The story of Brexit

The story of Brexit
The United Kingdom has officially left the European Union (EU) after 47-year of membership, embarking upon a new but still uncertain future. The UK becomes the first country to leave the EU since joining it in 1973.
The exit was marked by both celebrations and anti-Brexit protests. However, nothing will change straight away, because of an 11-month transition period negotiated as part of an EU-UK exit deal. In this transition period, Britons will be able to work in and trade freely with EU nations and Britain will follow all the policies of the EU until December 31, although the UK will no longer be represented in the bloc’s institutions.
Let us give you a step by step breakdown of what Brexit really means.
What is Brexit?
Brexit is an abbreviation of “Britain Exit”. Brexit means that Britain would split from the EU and shall change its relationship to the bloc on trade, security, and migration. A referendum was held in June 2016, in which it was voted  to determine whether Britain would remain a part of the EU or would leave. Over 17.4 million people opted for Brexit in which 52 percent voted in the favour of Brexit and 48 percent voted against.
What is European Union (EU)?
The European Union is an economic and political union between 28 European countries. The predecessor of the EU was created in the aftermath of the Second World War. It was first known as the European Economic Community (ECC) and the name was changed to the European Union (EU) in 1993. The European Union is the largest trade block in the world. It allows free trade, which means goods can move between member countries without any barriers. The EU also allows free movement of people as well. The UK joined the EU in 1973 and becomes the first member to withdraw it.
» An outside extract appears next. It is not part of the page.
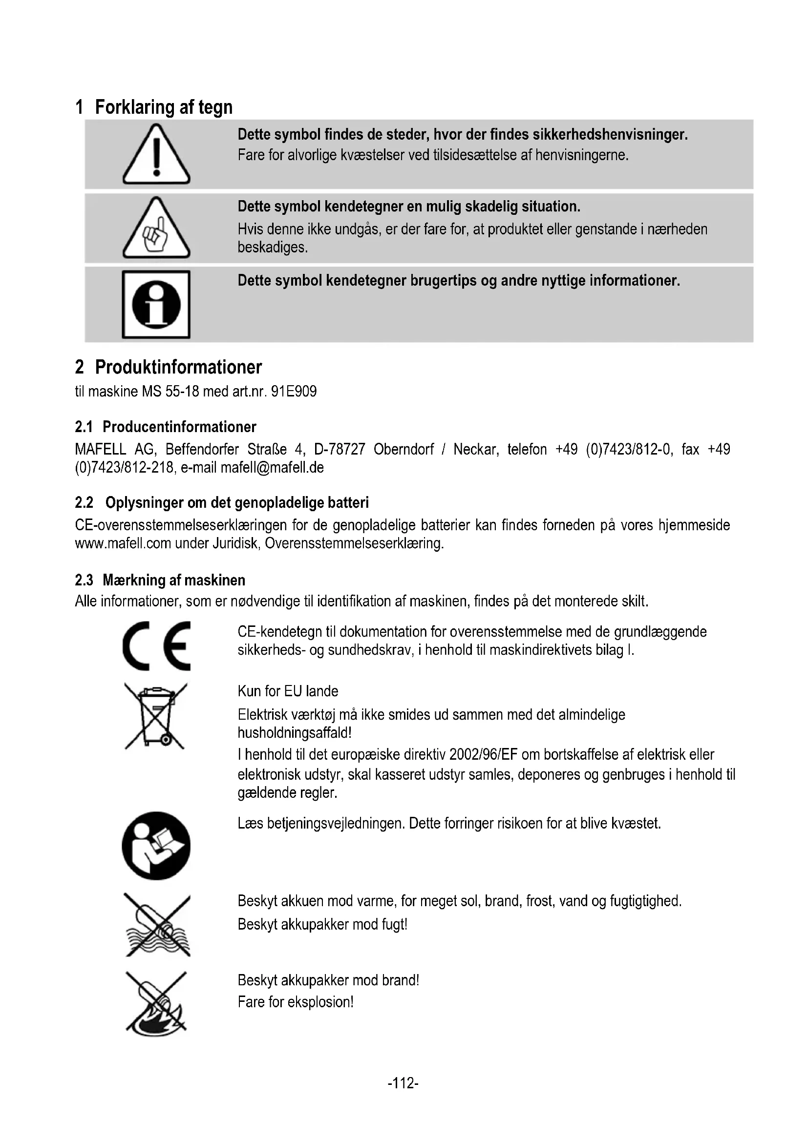CE-overensstemmelseserklæringen for de genopladelige batterier kan findes forneden på vores hjemmeside www.mafell.com under Juridisk, Overensstemmelseserklæring.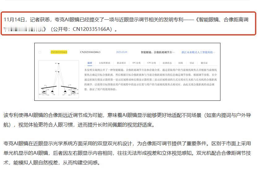 没想到在AI眼镜领域,国外科技巨头不但绕不开中国供应链,就连技术上也要被我们超越! 现在Meta、苹果等国外科技巨头都在加速布局AI眼镜赛道,中国企业也在发力。可能有人担心,我们在AI发展上落后了一些,现在到了AI硬件层面的比拼,中国AI眼镜能不能顶住压力。 事实上,我们还是有很多优势的,比如强大的供应链。之前看过一个报告,是说全球智能眼镜供应链中有超过80%的公司来自中国,所以国产AI眼镜的发展已经有供应链上的优势。 而且就目前来说,国产AI眼镜的技术实力也丝毫不逊色国外。最近夸克AI眼镜就接连曝光了多项核心专利,合像距调节技术就是其中之一。 不知道大家有没有想过一个问题,我们在室内和室外这两种不同的场景中去佩戴AI眼镜,显示屏呈现的视觉显示距离应该是不一样的,如果显示位置把控不好根本无法做到长时间佩戴。 换句话说,如果不管什么场景,眼镜所呈现的虚拟画面距离都是固定的,和实际画面距离对不上,长期用就容易眼酸、头晕。 这么说就懂了吧?有了合像距调节技术,AI眼镜就相当于有了一个“智能视力适配开关”,显示位置应该前一点、后一点,还是上一点、下一点,这些通通能做到像素级精准调节,反正就是能给你调到最适合视觉习惯的位置。而且不同于其他AI眼镜产品所使用的单个显示屏,它能够支持双眼显示,更加符合普通人的用眼习惯,会有更加真实的空间感。 总之,不管用户是需要室内提词,还是要到户外远距离导航,夸克AI眼镜都能实现无缝切换。 其实对于AI眼镜这样的产品,佩戴舒适、看得舒服是非常重要的,是其真正走向大众必须要实现的一点。现在中国AI在大模型领域已经追赶上来了,中国AI眼镜背靠强大的中国供应链,并且技术上做到了“人无我有,人有我优”,相信一定能抢占新的技术高地!

Political movement towards Brexit
The first such referendum was held in 1975 after the Labour party promised such a poll in its election campaign. However, 75 percent of people voted against the proposal.
In 2013, British Prime Minister David Cameron from the ‘Remain Camp’ vowed a referendum to hear the British opinion in his 2015 election campaign. After the referendum in 2016, 52 percent voted in the favour of Brexit and David Cameron was not in the favour of leaving the EU. As a result, David Cameron resigned. He said, “I was absolutely clear about my belief that Britain is stronger, safer and better off inside the EU. But the British people made a decision to take a different path. As such I think the country requires fresh leadership to take it in this direction.”
Then the British Parliament appointed Theresa May as Prime Minister of the United Kingdom and directed her to create an agreement for Brexit that would not harm the UK policies. However, Theresa May also resigned on July 24, 2019. Theresa May said that she had tried her best to deliver Brexit but accepted that she had not managed to get MPs to agree. 
Boris Johnson became the new prime minister of the United Kingdom and successfully completed the Brexit. Boris removed the most controversial part – the backstop. The backstop was designed to ensure there would be no border posts or barriers between Northern Ireland and the Republic of Ireland after Brexit.
What’s next?
Now that the United Kingdom has formally left the EU, it shall immediately enter an 11-month transition period. During this transition, the UK will continue to obey EU rules and pay money to the EU. After the completion of the transition period, major changes will occur, such as UK nationals will not be allowed to travel freely in the EU countries. British ministers will also no longer attend regular EU meetings. The UK will be able to start talking to countries around the world about setting new rules for buying and selling goods and services. However, the Britons remain as divided today as they were nearly four years ago when 52 percent voted to leave and 48 percent voted to remain in the EU.